We investigated whether sociodemographic (age, sex, race, insurance, marital status, median household income) and clinical (FEV1 % of predicted, body mass index, depression/anxiety, alcohol/substance misuse, absolute/relative contraindications) factors influenced referral and waitlist registration. We conducted a retrospective cohort study through chart review of hospitalized patients on the University of Chicago general medicine service from 2006–2014 meeting transplant-eligible criteria and ICD-9 billing codes for cystic fibrosis (CF) and pulmonary fibrosis (PF).
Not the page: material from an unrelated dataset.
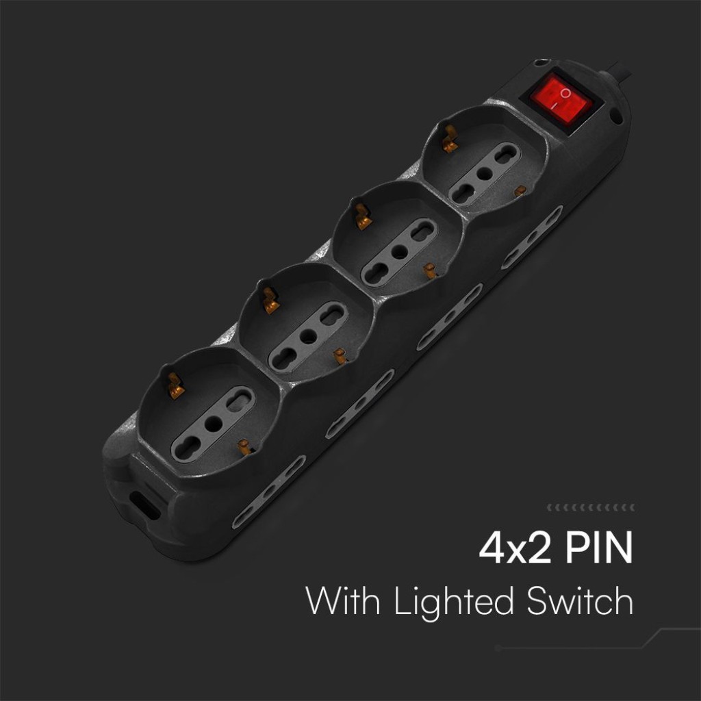Recensioni V-TAC Multipresa con Cavo 1,5m 8 Prese Laterali 10/16A 2P+T Bipasso 4 Frontali 10/16A 2P+T Bipasso Schuko con Interruttore Spina 16A 2P+T Colore Nero

We analyzed the times from transplant-eligibility to referral, work-up, and waitlist using Kaplan-Meier curves and log-rank tests.

Results:

Overall, referral rates for transplant-eligible patients were 64%. Of those referred, approximately 36% reach the lung transplant waitlist. Referred CF patients were significantly more likely to reach the transplant waitlist than PF patients (CF 60% vs. PF 22%, p<0.05). In addition, CF patients experience a shorter wait from transplant- eligibility to waitlist than PF patients (329 vs. 2369 days, respectively [25th percentile], p<0.05). Patients with PF and CF both faced delays from eligibility to referral and waitlist.

Conclusions:

Quality improvement efforts are needed to better identify and refer appropriate patients for lung transplant evaluation. Targeted interventions may facilitate more efficient evaluation completion and waitlist appearance.

Keywords: cystic fibrosis, lung transplant, pulmonary fibrosis, waitlist

Introduction

Many surgical and immunologic barriers to successful lung transplantation have been overcome in the United States since the early 1980s. System-level challenges have also been identified and improved. Prior to 2005, the Organ Procurement and Transplantation Network (OPTN) allocated deceased donor lungs to candidates based on waitlist time regardless of disease severity. Wait times averaged over 2 years and nearly 10% of candidates died on the waitlist during this time period.1,2 In 2005, the OPTN implemented reform through the Lung Allocation Score (LAS) which prioritized patient benefit and post-transplant survival, reducing waitlist to transplant time to less than 200 days and reducing mortality on the waitlist.2

Despite many advances, few studies have addressed the complicated processes involved with referring transplant-eligible patients for lung transplant evaluation and completing the evaluation process to appear on the waitlist. Prior work demonstrated that early referral for transplant evaluation improves patients’ access to appropriate specialist care, improves survival on the wait list, and mitigates the anxiety of patients and caretakers in disease management.3 Multidisciplinary transplant teams involved in the care of waitlisted patients improve patient outcomes regardless of whether the patient receives a transplant.4

In fact, the wait for the waitlist—the time spent between transplant-eligible diagnoses to waitlist appearance—may prove overwhelmingly challenging for many patients. During this time, patients must undergo a battery of more than 30 tests, screening procedures, and subspecialty consults. Additionally, patients must demonstrate a good record of medical adherence, access to consistent social support, and adequate financial resources in order to be placed on the lung transplant waitlist.4 Successful completion of these tests and appointments may hinge on the socio-demographic and clinical characteristics of the patient, as has been demonstrated in other transplant populations.5,6 Overcoming the multifaceted obstacles faced by potential candidates in accessing the waitlist requires concerted efforts by certified lung transplant programs.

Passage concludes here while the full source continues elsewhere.